Fear No More

He was an exceptionally timid man in a world increasingly out of control. When he approached the chalkboard, his heart was beating so hard he was certain it would burst from his chest. “Your fears erased here daily,” proclaimed a sign atop the board. It was crammed with words, phrases, letters, numbers, some of which he understood and some of which he didn’t, but, as though by magic, every utterance connected with him at the deepest level.

He tentatively lifted the eraser. Where to begin? What did he fear the most? Blindness. Yes, that was on there on the board. He deleted it. Dying alone. Gone with a stroke. Never finding love. Vanquished and vanished. He was growing excited. Each eraserly removal felt like an exorcism. Failure. Goodbye. Public speaking. Begone!

He was starting to sweat now in the summer sun but he didn’t even notice. Over an hour passed as he disposed of greed, ignorance, spiders, dogs, loud noises, loud people, war, illness, poverty, his mother, airplanes, eyelid mites, bananas and fear itself. A smile spread across his face as he disappeared cowardice. He was no longer timid man but the true master of his own fate.

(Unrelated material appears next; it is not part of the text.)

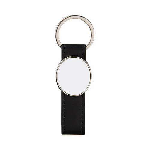 Portachiavi per la stampa a sublimazione. Realizzato in pelle nera con elemento in metallo. La stampa viene effettuata su una placca metallica, fornita insieme al portachiavi, che va incollata all’area fresata del portachiavi. Il portachiavi è confezionato in una scatola decorativa nera con inserto nero che imita il velluto per tenere fermo il portachiavi. Il prodotto finito può diventare un regalo originale etc.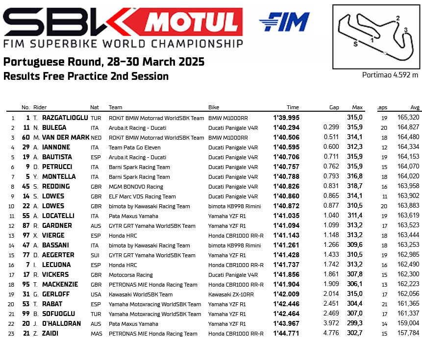 Cette fois-ci, les Ducati ont dû suivre les deux BMW. Andrea Iannone a réalisé le quatrième temps devant pas moins de cinq de ses coéquipiers. L’ancien pilote de MotoGP a un bon rythme, ce qui permet de penser au podium. Pour rester avec les deux autres, il faudra que l’équipe Go Eleven trouve les 2-3 dixièmes manquants. Andrea Iannone a également chuté à basse vitesse, rentrant au box sur sa moto. Alvaro Bautista, cinquième temps, est également à l’affût : sur les montées et descentes lusitaniennes, il a souvent fait parler de lui, mais avec un Bulega désormais lancé, les nouvelles hiérarchies dans le box Ducati semblent marquées.

He took a few steps back to admire his handiwork. The board had been wiped clean. Every word, squiggle and symbol – each of which had been a mirror of his terror – had been consigned to oblivion. Now there was nothing. Nothing. And in the face of this Nothingness he became more frightened than he’d ever been in his life. He wasn’t any kind of hero, he was just an empty shell with aching arms. Tears began rolling down his cheeks and refused to stop. By the time the sun set, people were still stepping gingerly around the weeping man.

The next morning the owner of the chalkboard walked up to it holding a black marker. On the sign that said “Your fears erased here daily,” he appended, “(But sometimes a little fear is a good thing).”